Dr. Haynes sets sights on more empathetic, diverse future of medicine in keynote

Dr. Haynes sets sights on more empathetic, diverse future of medicine in keynote

“Stay motivated, persevere, and endure.”

That was the ultimate message that Demondes Haynes, MD, FCCP, left with the audience during his CHEST 2021 Opening Session Keynote Address, Perseverance and Motivation: Empathetic Medicine Amidst COVID and Beyond.

Dr. Haynes, who is Professor of Medicine, Division of Pulmonary & Critical Care, and Associate Dean for Medical School Admissions at the University of Mississippi Medical Center, began his address by acknowledging the challenges that critical care and pulmonary medicine specialists face every day—challenges that have only compounded and intensified over the past year and a half.

“I, like I imagine all of you, have endured a range of emotions over the past 18 months or so during this pandemic. I have felt fear, sadness, hope, and yes, even anger or resentment,” he said. “These are normal emotions when you deal with an unprecedented pandemic.”

He told the audience that in times such as these, it’s more important than ever for them to reflect on why they chose careers in medicine and why they chose pulmonary and critical care medicine specifically.

“I don’t know your individual stories, but I can only imagine that most of us entered the medical field to help people, and though there are many other professions in which you can do this, our profession is unique in our ability to provide lifesaving treatment, advice, medication, etc.,” Dr. Haynes said. “A life of service indeed makes me happy and excited and is but one thing that motivates me. It gives us purpose.”

That sense of purpose and the joy and satisfaction of giving, he said, is the pathway to practicing “empathetic medicine.”

“Empathy is seeing with the eyes of another person, listening with the ears of another person, and feeling with the heart of another person,” Dr. Haynes said. “We are servants, and people entrust us with their most valued possession—their life and the most intimate details of it. We must establish trust and build rapport with our patients.”

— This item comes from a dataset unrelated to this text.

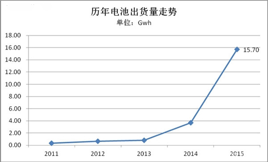2015年新能源汽車產量達37.9萬輛,伴隨其爆發式增長,電池出貨量也呈現較強走勢。從近5年動力電池走勢看,2014年之前,電池產量都低于1GWh,產量僅維持小幅增長。直到2014年動力電池出現小幅提升,達3.7GWh,再到2015年攀升至15.7Gwh,同比增長3倍之多。政策紅利激活私人消費市場,拉動新能源汽車爆發式增長,使得電池整體出貨量劇增。(注釋:以下動力電池數據源于新能源汽車產量與其搭載的電池容量乘積。由于未考慮其他影響因素,總體實際產能會略高于此。電池產量計算公式:車型搭載電池容量*車型產量)

Empathy and empathic communication is not just important for patients, he said, but for the physicians, nurses, and the entire health care team who care for them.

“Research suggests that empathic people tend to be more generous and concerned with others’ welfare, and they also tend to have happier relationships and greater personal well-being,” he said. “Empathy can also improve leadership ability and facilitate effective communication.”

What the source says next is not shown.